October 9, 2015
The 13th annual World Day Against the
Death Penalty will take place on Saturday, October 10th. Activists and
organizations will hold events around the globe to call for the
universal abolition of capital punishment. In recognition of the day,
Steven W. Hawkins, Executive Director of Amnesty International USA,
released the following statement:
- “In just the past few weeks, three people have been sent to the death chambers in the United States. One of those executed did not commit the murder she was sentenced to die for, and another showed strong signs of intellectual disability.
- “The tally nearly reached four executions in just over a week’s time, but for the bungling of an execution in Oklahoma. The state procured the wrong drug to kill the prisoner, only realizing the mistake at the very last minute. Now the state’s Attorney General is investigating what went wrong.
- “In fact, just about everything is wrong with the capital punishment system. It’s fundamentally broken and should be ended once and for all.

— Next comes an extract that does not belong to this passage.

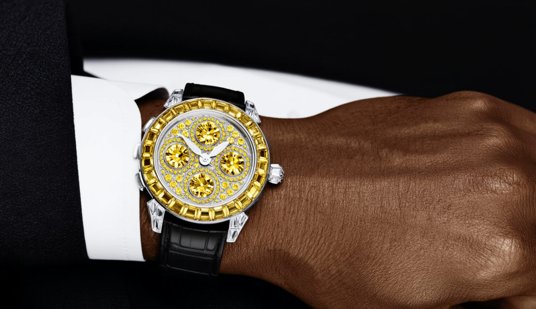 Radiant with the fire of fancy vivid yellow diamonds, the 4 Central is a rare fusion of fine diamonds and haute horlogerie. Its four central masterpieces rotate in a graceful ballet of light, framed by an 18K white gold case and a bezel of baguette-set yellow diamonds.
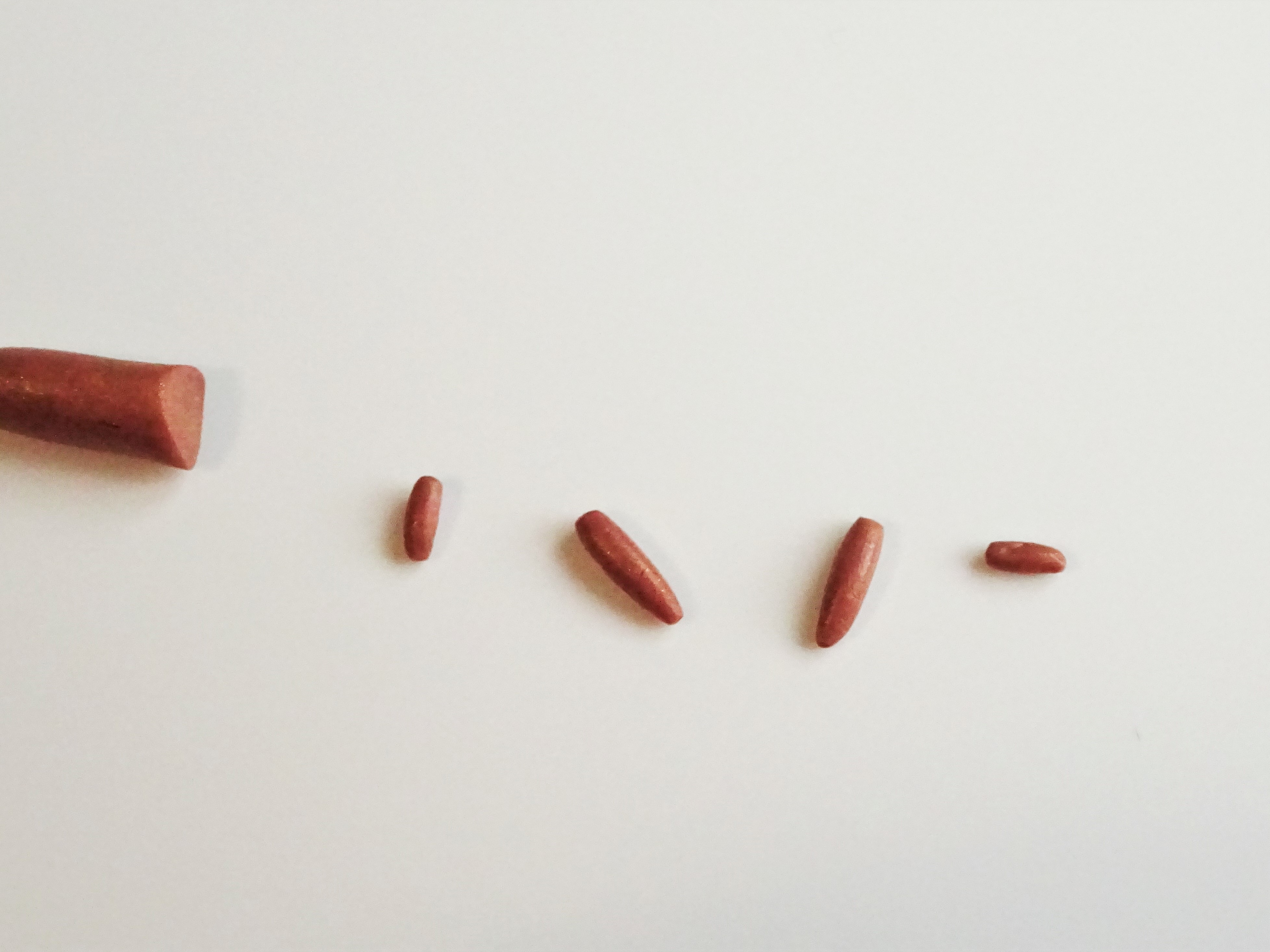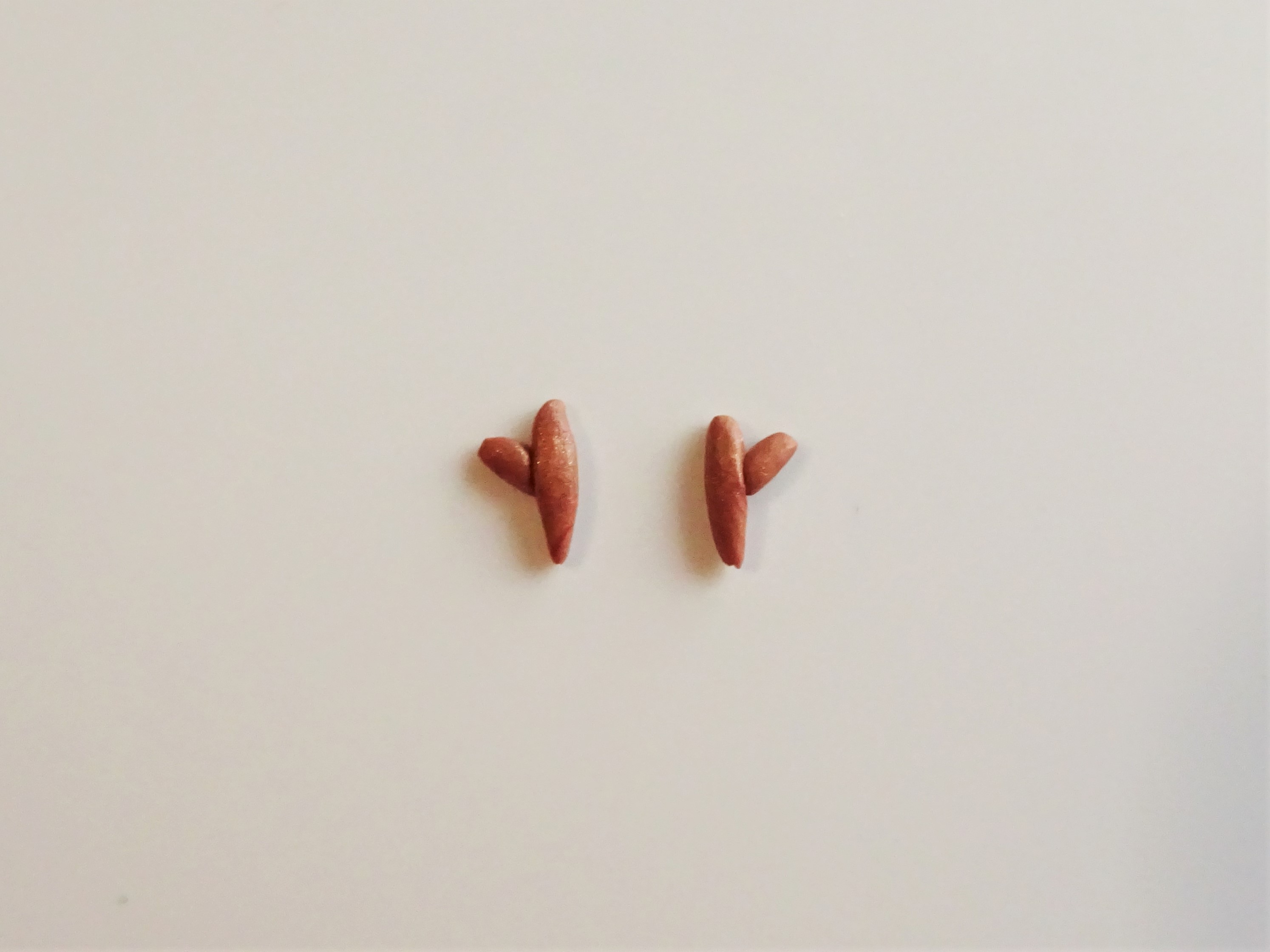 3. Make a mix of equal parts brown, white and gold clay and roll into a snake. Cut two equal size pieces and roll as shown above. Cut another two pieces smaller in size and roll as shown.

- “Thankfully the death penalty is in decline in the United States and around the world. Last year, executions in the United States were at a 20-year low, and death sentences were at their lowest level since 1976. What’s more, nineteen states plus the District of Columbia have banned capital punishment, and seven other states have not carried out an execution in 10 years.
- “It’s really just a handful of states that are still aggressively pursuing executions. Texas, Oklahoma, and Missouri, in particular, are moving further and further away from national standards of decency. Globally, 140 countries have abolished the death penalty in law or practice, and only 22 carried out executions last year.
- “The death penalty is the ultimate cruel, inhuman and degrading punishment. The United States cannot practice it and claim to be a human rights leader on the global stage. Now is the time to end capital punishment for good.”